What needs to be done ::
The expected output is every line of the data exactly as shown, minus the images.

Supplied information ::
━━━
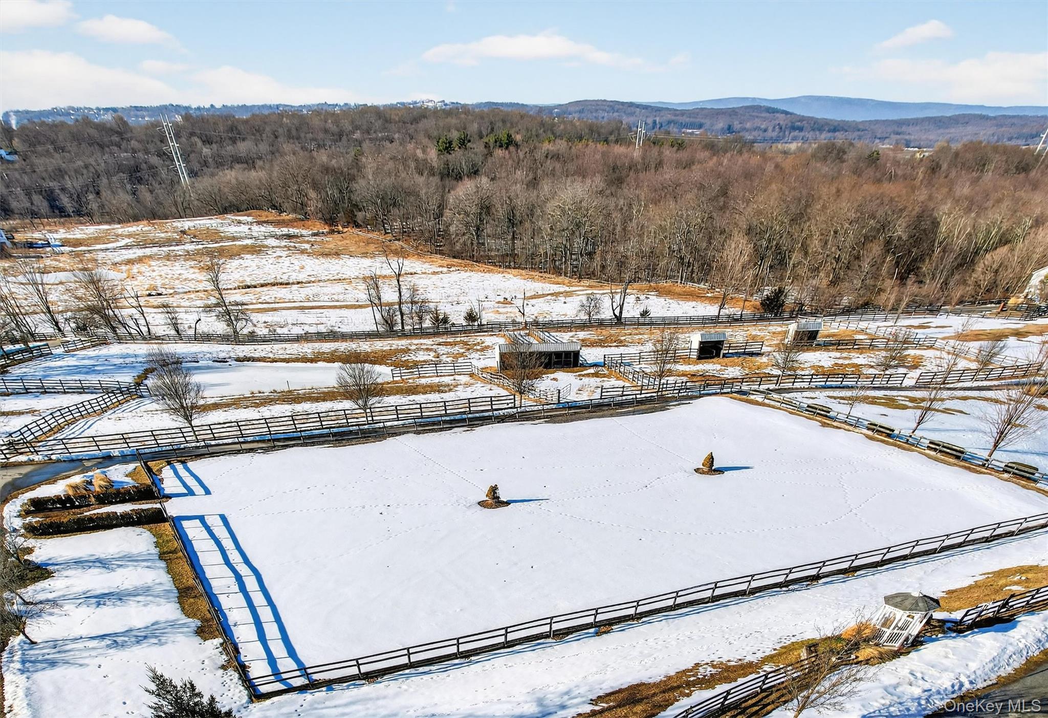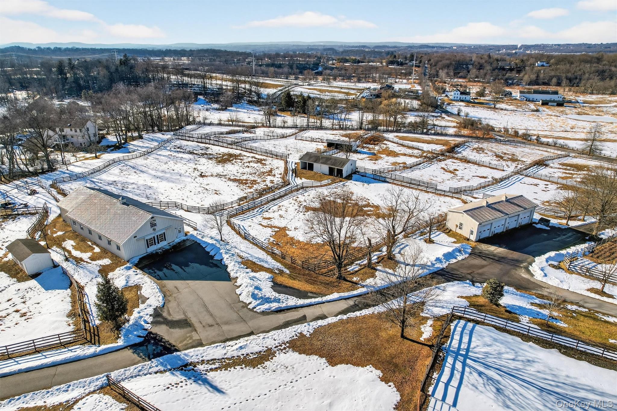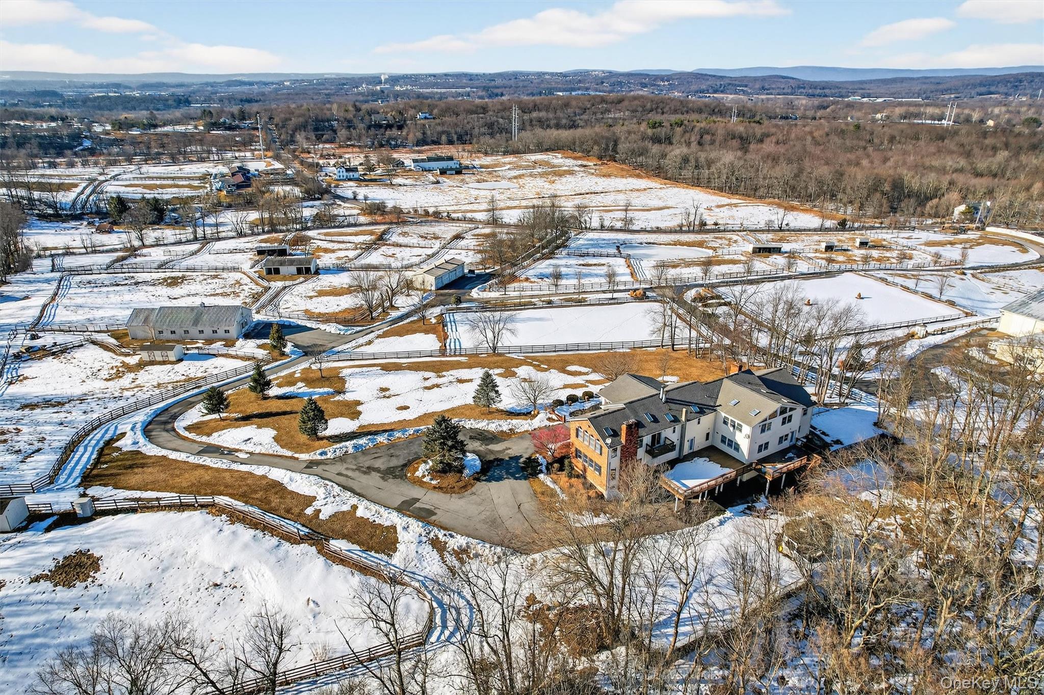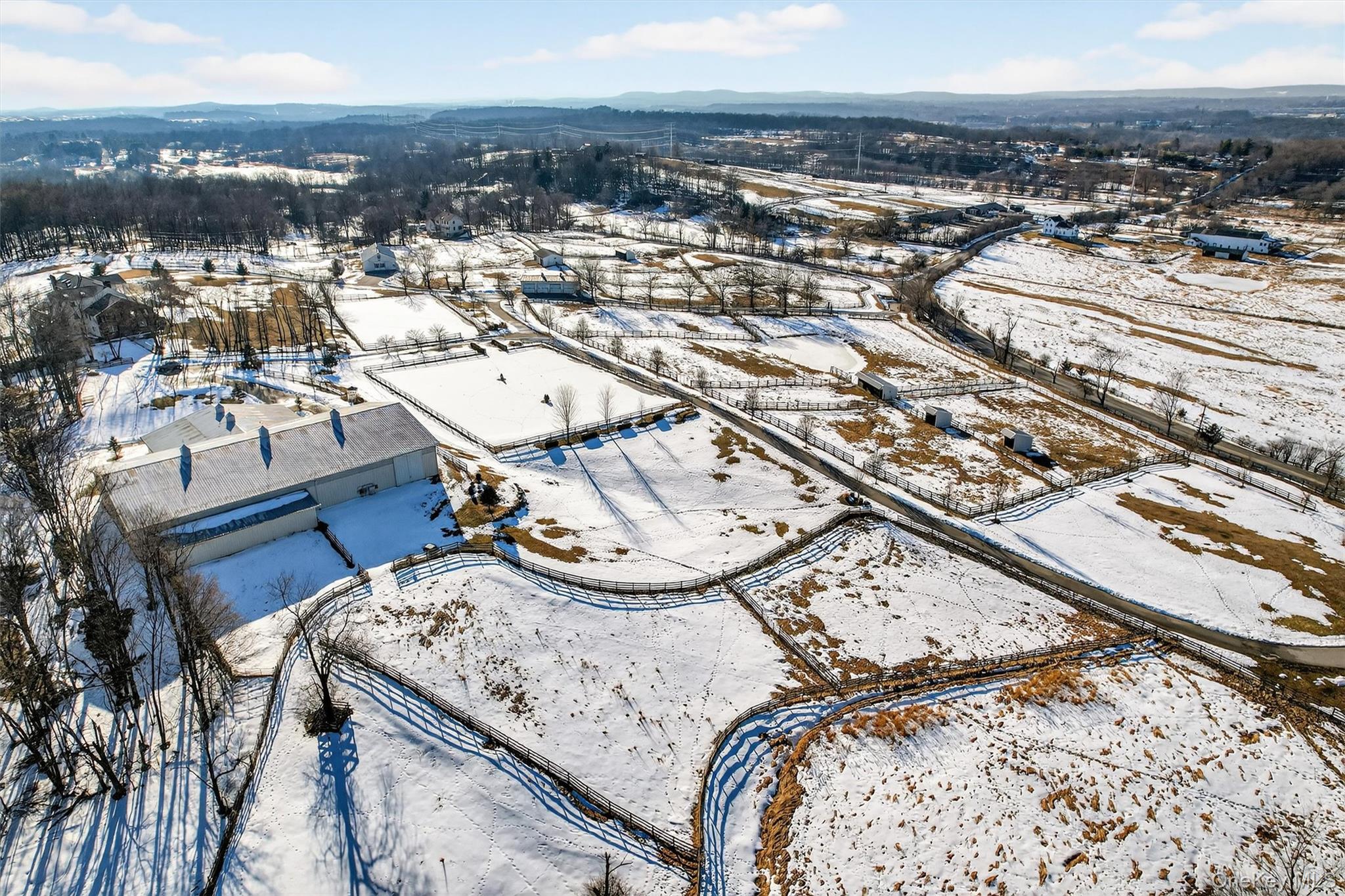 For your consideration is 285 Hill Road, a premier equine boarding, training and showing facility formerly known as Hilltop Equestrian Center and Seven Meadows Farm. Designed for function and beauty, it's a welcoming destination for both clients and guests. Numerous shows and clinics have been successfully hosted here over the years. The property includes a professional indoor arena complex, 2 outdoor rings, second barn, 21 paddocks, 4 shedrows, 3 run-ins, a 4 bay equipment garage, and a 6, 460 sf home to name a few of the many features this property offers. The spectacular indoor arena complex was built with both operational flow and refinement in mind. 8 massive Palladian windows give plenty of natural light and style to the 75x130 ring, new overhead lighting for evening lessons, sprinkler system, mirrored long side, pedestrian walkway allows foot traffic to flow, raised and heated viewing lounge to give spectators a comfy space to see the action. The attached barn has 2 brick aisleways, 13 matted stalls with swing out corner feeders, heated tack room and office, hot and cold wash stall, and a large hay loft. There are 2 outdoor sand rings with sprinkler systems, one with a hedgerow ingate - one of many classic touches around the property. The second barn, Morton built, has 15 matted stalls with swing out corner feeders, brick paver entrance and aisleway, a large heated office and plenty of adjacent turnout. There is water throughout the property. The 4 bay equipment garage is centrally located. From the top of the knoll, the stately 5 bedroom, 4 bathroom 6, 460 sq federal style home overlooks it all. The home is quite spacious, and the layout suits both everyday living and entertaining with walls of windows showcasing farm views and beyond, skylights, 5 fireplaces, an expansive kitchen, and a primary suite with 2 fireplaces and a sitting room. Do you need separate space for farm managers, trainers, extended family or guests? Take advantage of a private area with a separate entrance, second kitchen with family room, full bath and large bedroom. The backyard is fenced for your pets, and has a gazebo and firepit area for even more fun! This Orange County centrally located farm is set in a lovely, upscale neighborhood close to Stewart State Forest trails, HITS, many area rated and schooling shows, Minnewaska, Mohonk, and some great local trail spots. A short drive to downtown Goshen gives you plenty of restaurants to choose from. Close to Stewart Airport and NYAIC, 60 miles to NYC and 5 miles to NJ Transit station. Goshen School District Please see attached features list for more details. This is a rare and exceptional offering for the serious equestrian entrepreneur!
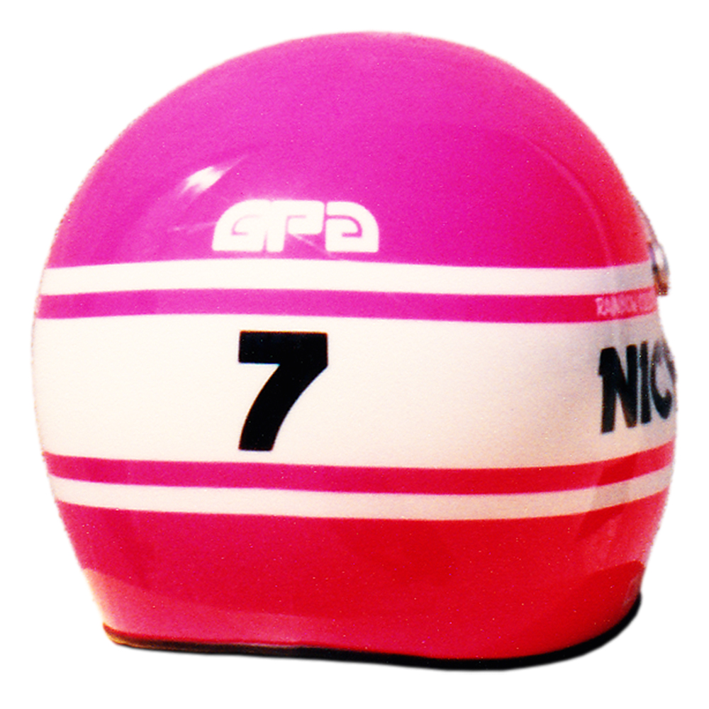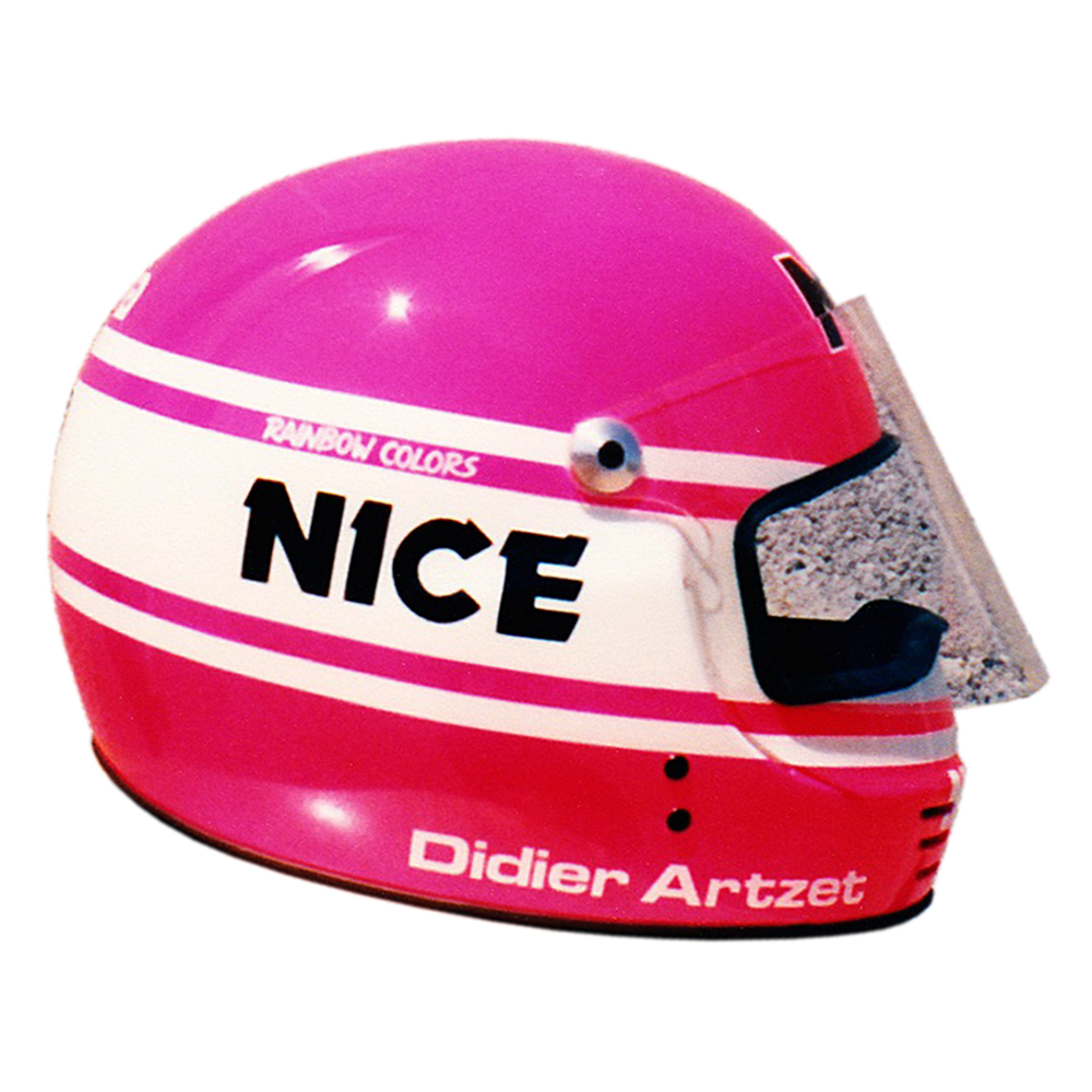 Circuit 1987 Didier ARTZET #3 Casque GPA G1, peint par Christian Roux / Rainbow Colors en 1987 pour Didier Artzet, Écurie KTR, Vainqueur Grand Prix de Monaco F3. Précédent Suivant
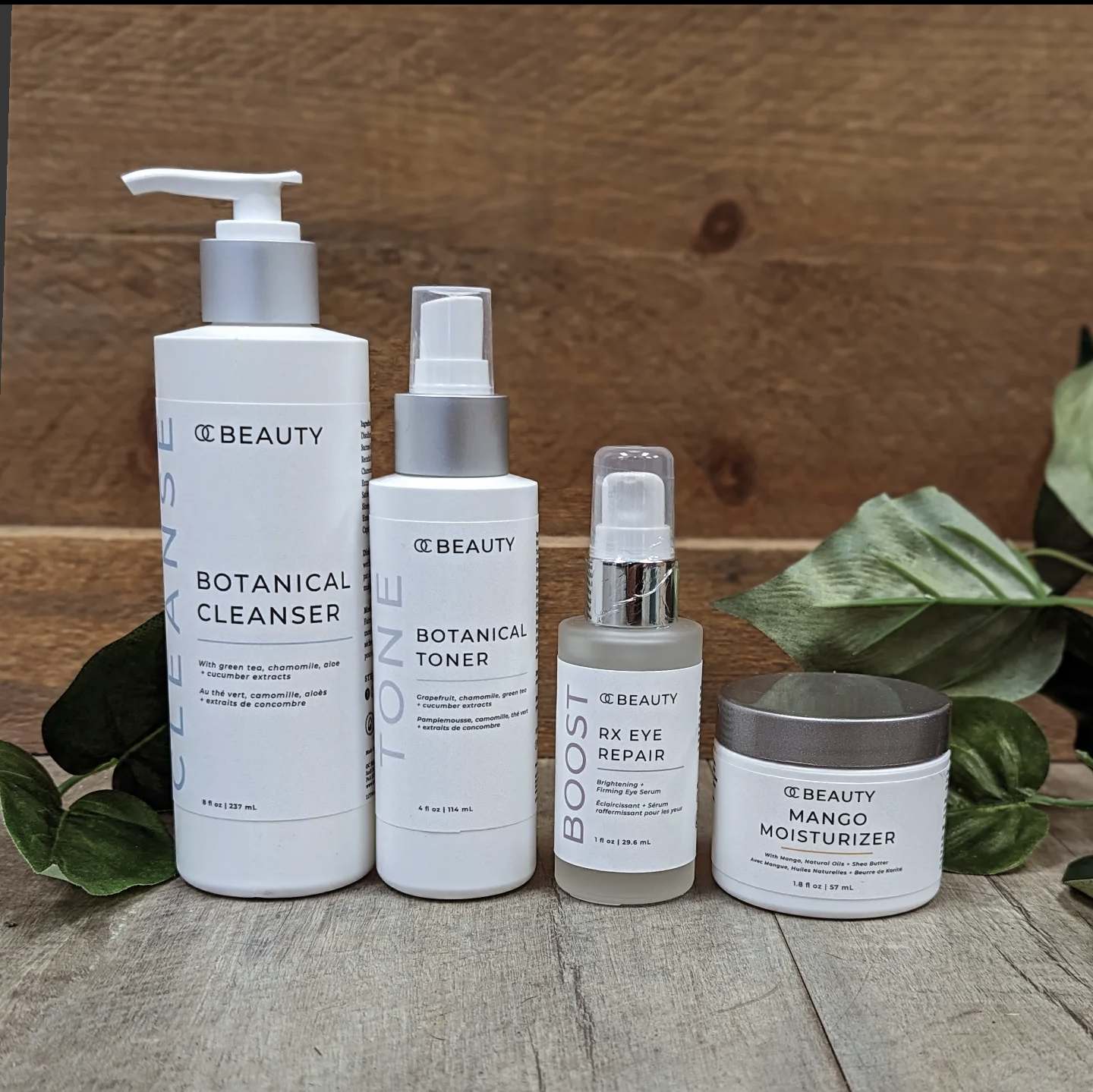 Révélez une peau radieuse grùce à notre routine de soins illuminateurs. Commencez par le nettoyant et la lotion tonique botaniques pour un nouveau départ. Hydratez votre peau avec notre soin hydratant à la mangue, et laissez notre sérum réparateur pour les yeux RX, la star, illuminer et rajeunir votre regard. Rayonnez de vitalité grùce à cette routine essentielle et harmonieuse.
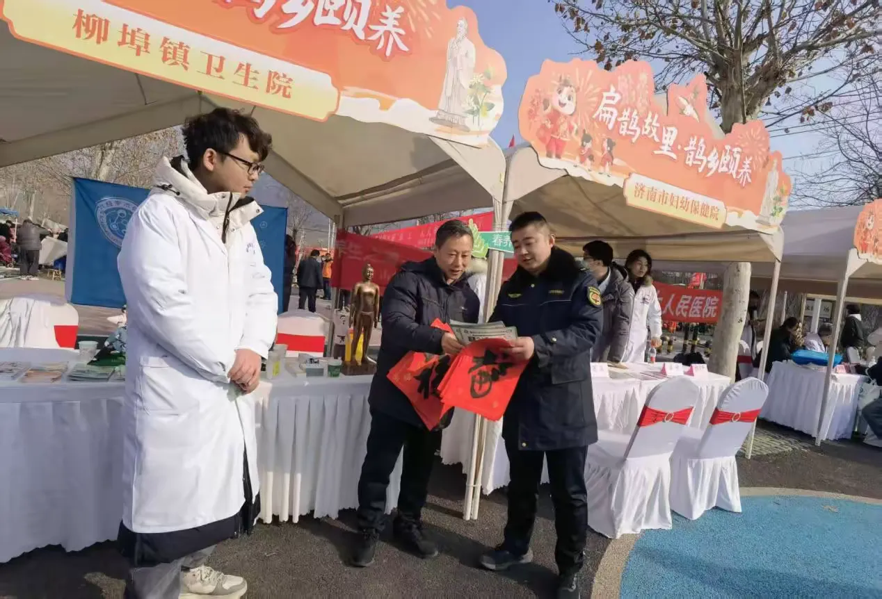 活动现场精心设置多重趣味环节,兼顾知识性与互动性。“绿马甲”志愿者与书法爱好者联袂登场,挥毫泼墨书写融合垃圾分类理念的特色春联,“分类有道添福气,低碳生活迎新春”等寓意吉祥的作品,让居民在收获新春祝福的同时,将环保知识牢记心间。针对“源味南山年味大集”“中医药文化惠民活动”等人流密集的特点,志愿者们向各单位工作人员、居民发放《山东省生活垃圾管理条例》明白纸、分类宣传彩页,用“瓜果皮核绿桶进,铁盒纸盒蓝桶收”的通俗口诀,详解四分类标准与投放技巧。
━━━
Reply to the exercise ::
 For your consideration is 285 Hill Road, a premier equine boarding, training and showing facility formerly known as Hilltop Equestrian Center and Seven Meadows Farm. Designed for function and beauty, it's a welcoming destination for both clients and guests. Numerous shows and clinics have been successfully hosted here over the years. The property includes a professional indoor arena complex, 2 outdoor rings, second barn, 21 paddocks, 4 shedrows, 3 run-ins, a 4 bay equipment garage, and a 6, 460 sf home to name a few of the many features this property offers. The spectacular indoor arena complex was built with both operational flow and refinement in mind. 8 massive Palladian windows give plenty of natural light and style to the 75x130 ring, new overhead lighting for evening lessons, sprinkler system, mirrored long side, pedestrian walkway allows foot traffic to flow, raised and heated viewing lounge to give spectators a comfy space to see the action. The attached barn has 2 brick aisleways, 13 matted stalls with swing out corner feeders, heated tack room and office, hot and cold wash stall, and a large hay loft. There are 2 outdoor sand rings with sprinkler systems, one with a hedgerow ingate - one of many classic touches around the property. The second barn, Morton built, has 15 matted stalls with swing out corner feeders, brick paver entrance and aisleway, a large heated office and plenty of adjacent turnout. There is water throughout the property. The 4 bay equipment garage is centrally located. From the top of the knoll, the stately 5 bedroom, 4 bathroom 6, 460 sq federal style home overlooks it all. The home is quite spacious, and the layout suits both everyday living and entertaining with walls of windows showcasing farm views and beyond, skylights, 5 fireplaces, an expansive kitchen, and a primary suite with 2 fireplaces and a sitting room. Do you need separate space for farm managers, trainers, extended family or guests? Take advantage of a private area with a separate entrance, second kitchen with family room, full bath and large bedroom. The backyard is fenced for your pets, and has a gazebo and firepit area for even more fun! This Orange County centrally located farm is set in a lovely, upscale neighborhood close to Stewart State Forest trails, HITS, many area rated and schooling shows, Minnewaska, Mohonk, and some great local trail spots. A short drive to downtown Goshen gives you plenty of restaurants to choose from. Close to Stewart Airport and NYAIC, 60 miles to NYC and 5 miles to NJ Transit station. Goshen School District Please see attached features list for more details. This is a rare and exceptional offering for the serious equestrian entrepreneur!
 Circuit 1987 Didier ARTZET #3 Casque GPA G1, peint par Christian Roux / Rainbow Colors en 1987 pour Didier Artzet, Écurie KTR, Vainqueur Grand Prix de Monaco F3. Précédent Suivant
 Révélez une peau radieuse grùce à notre routine de soins illuminateurs. Commencez par le nettoyant et la lotion tonique botaniques pour un nouveau départ. Hydratez votre peau avec notre soin hydratant à la mangue, et laissez notre sérum réparateur pour les yeux RX, la star, illuminer et rajeunir votre regard. Rayonnez de vitalité grùce à cette routine essentielle et harmonieuse.
 活动现场精心设置多重趣味环节,兼顾知识性与互动性。“绿马甲”志愿者与书法爱好者联袂登场,挥毫泼墨书写融合垃圾分类理念的特色春联,“分类有道添福气,低碳生活迎新春”等寓意吉祥的作品,让居民在收获新春祝福的同时,将环保知识牢记心间。针对“源味南山年味大集”“中医药文化惠民活动”等人流密集的特点,志愿者们向各单位工作人员、居民发放《山东省生活垃圾管理条例》明白纸、分类宣传彩页,用“瓜果皮核绿桶进,铁盒纸盒蓝桶收”的通俗口诀,详解四分类标准与投放技巧。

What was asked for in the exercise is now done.